> [What is expected]: Your reply should reproduce all the data below exactly while excluding the pictures.

Supplied data Start Marker

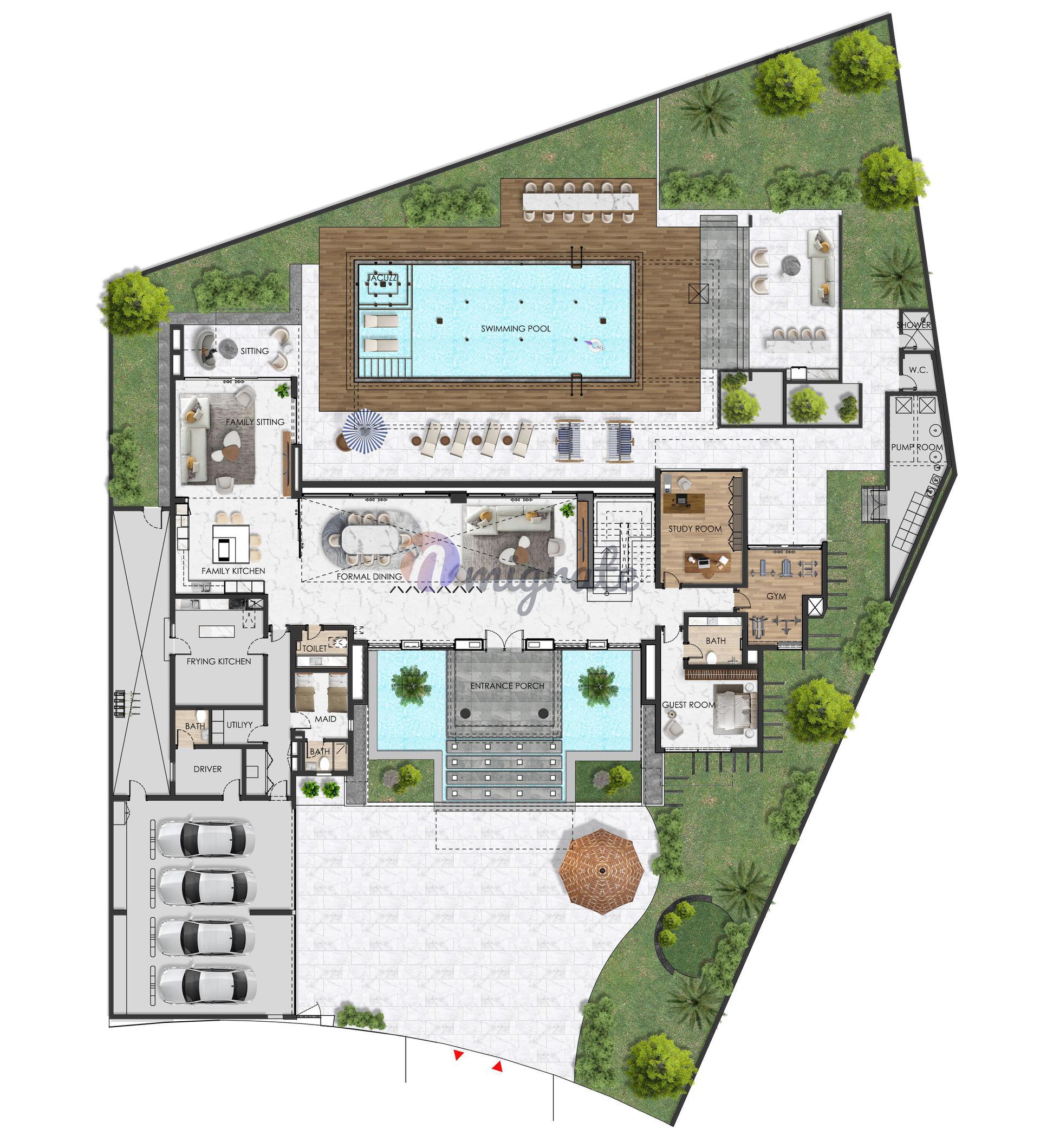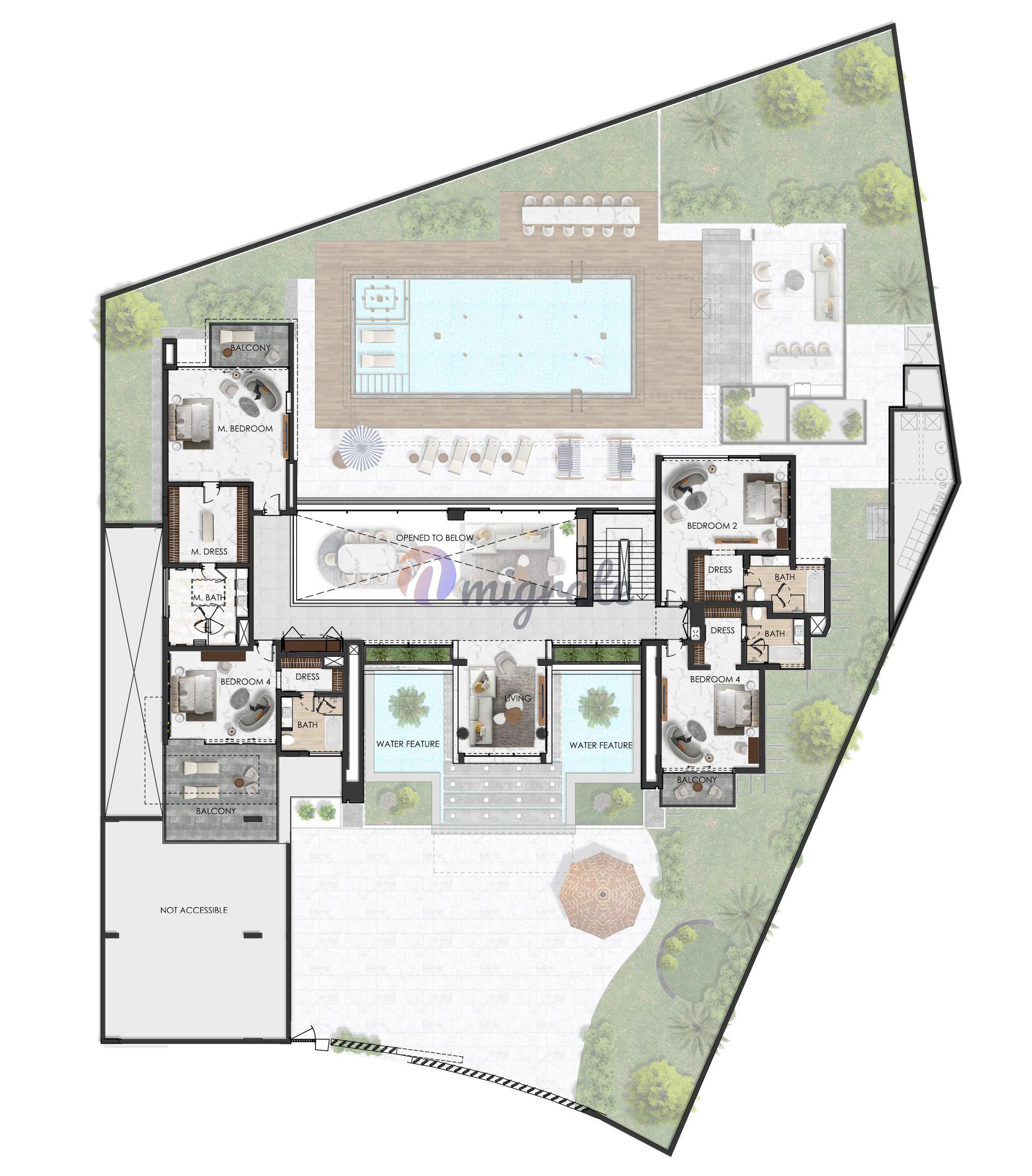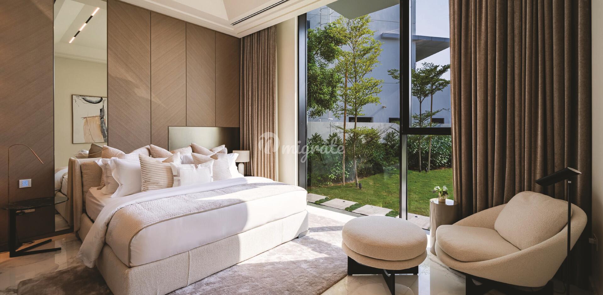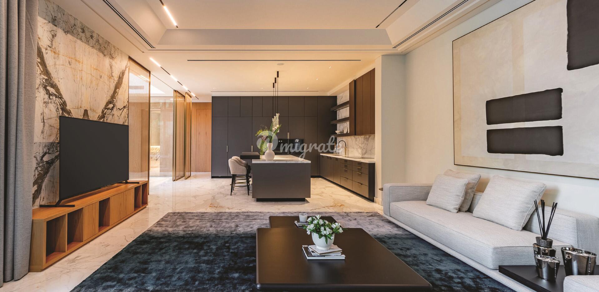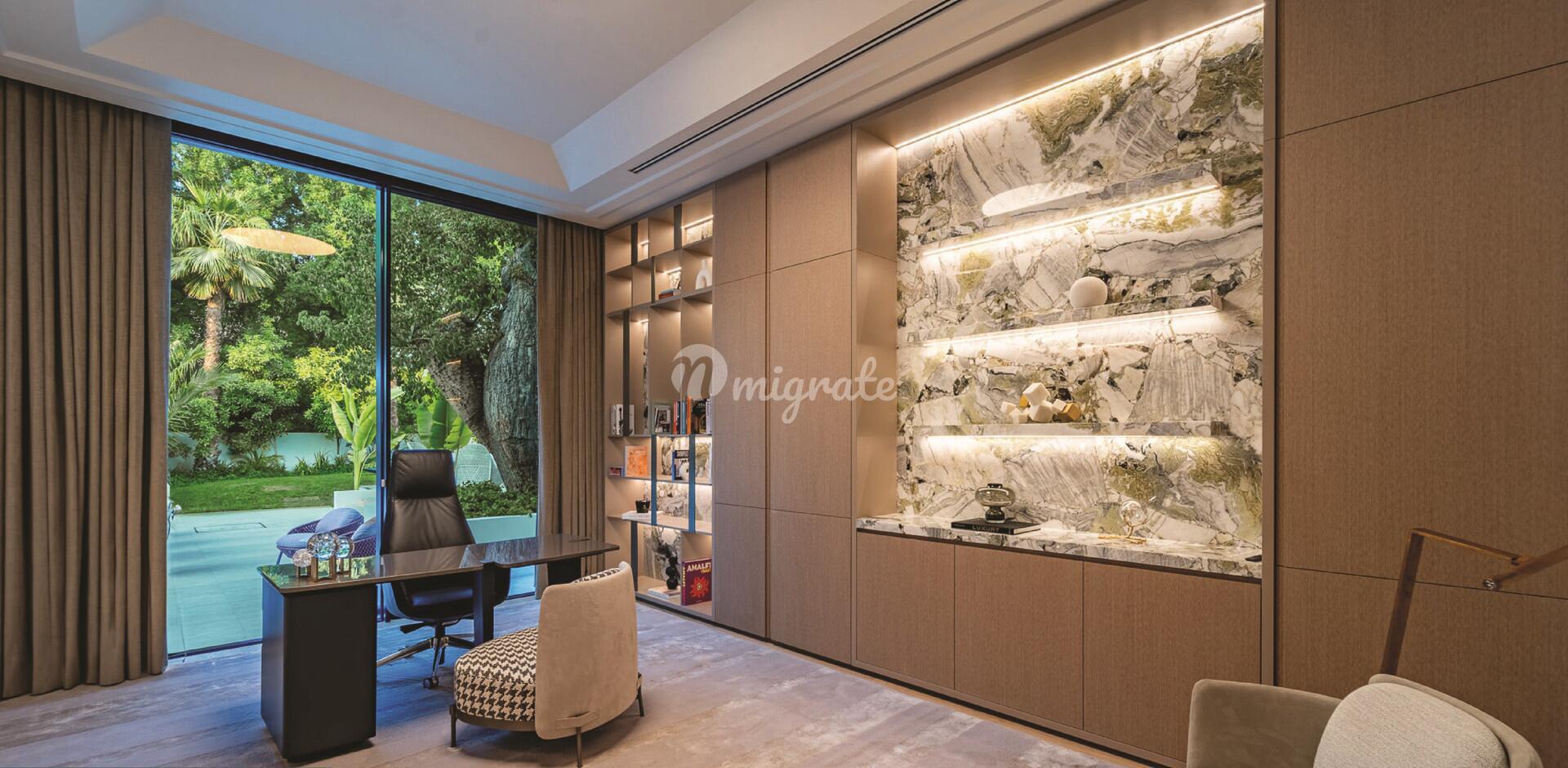 Архитектура этого особняка демонстрирует изысканную современную утонченность, а широкие окна заливают интерьеры естественным светом. На двух просторных этажах особняка расположены пять прекрасно оборудованных спален и несколько гостиных зон, созданных для комфорта и стиля. Кроме того, здесь есть открытые пространства с пышным садом, тенистой беседкой, изысканными обеденными зонами и элегантным баром, идеально подходящим для приема гостей. А в самом сердце особняка находится потрясающий бассейн, который является идеальным местом для безмятежного отдыха на свежем воздухе.
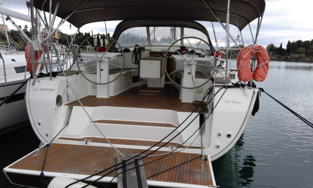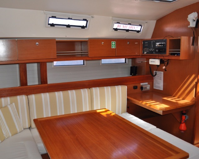 | Outside | Biminitop, Cockpitlautsprecher, Cockpitpolster, Davits, elektr. Ankerwinsch, Solaranlage, Sprayhood, Windex |
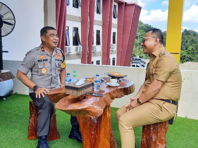 Polda Sulbar – Menerima kunjungan silaturahmi Bupati Mamuju Habsi Wahid, kemarin siang, Kamis (26/3/20) Kapolda Sulbar Brigjen Pol Dr. Eko Budi Sampurno membahas terkait pencegahan penyebaran covid-19.
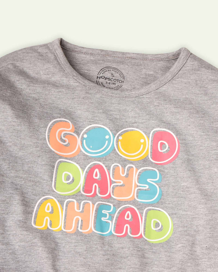 Your little girl will have only good days in this soft cotton t-shirt with screen printing on top. The front knot style is another added detail that makes it fun and stylish to wear. – Screen Printing – Heather – 100% Cotton – Machine Wash Cold

Supplied data End Marker

> [Output of the exercise]:
 Архитектура этого особняка демонстрирует изысканную современную утонченность, а широкие окна заливают интерьеры естественным светом. На двух просторных этажах особняка расположены пять прекрасно оборудованных спален и несколько гостиных зон, созданных для комфорта и стиля. Кроме того, здесь есть открытые пространства с пышным садом, тенистой беседкой, изысканными обеденными зонами и элегантным баром, идеально подходящим для приема гостей. А в самом сердце особняка находится потрясающий бассейн, который является идеальным местом для безмятежного отдыха на свежем воздухе.
 | Outside | Biminitop, Cockpitlautsprecher, Cockpitpolster, Davits, elektr. Ankerwinsch, Solaranlage, Sprayhood, Windex |
 Polda Sulbar – Menerima kunjungan silaturahmi Bupati Mamuju Habsi Wahid, kemarin siang, Kamis (26/3/20) Kapolda Sulbar Brigjen Pol Dr. Eko Budi Sampurno membahas terkait pencegahan penyebaran covid-19.
 Your little girl will have only good days in this soft cotton t-shirt with screen printing on top. The front knot style is another added detail that makes it fun and stylish to wear. – Screen Printing – Heather – 100% Cotton – Machine Wash Cold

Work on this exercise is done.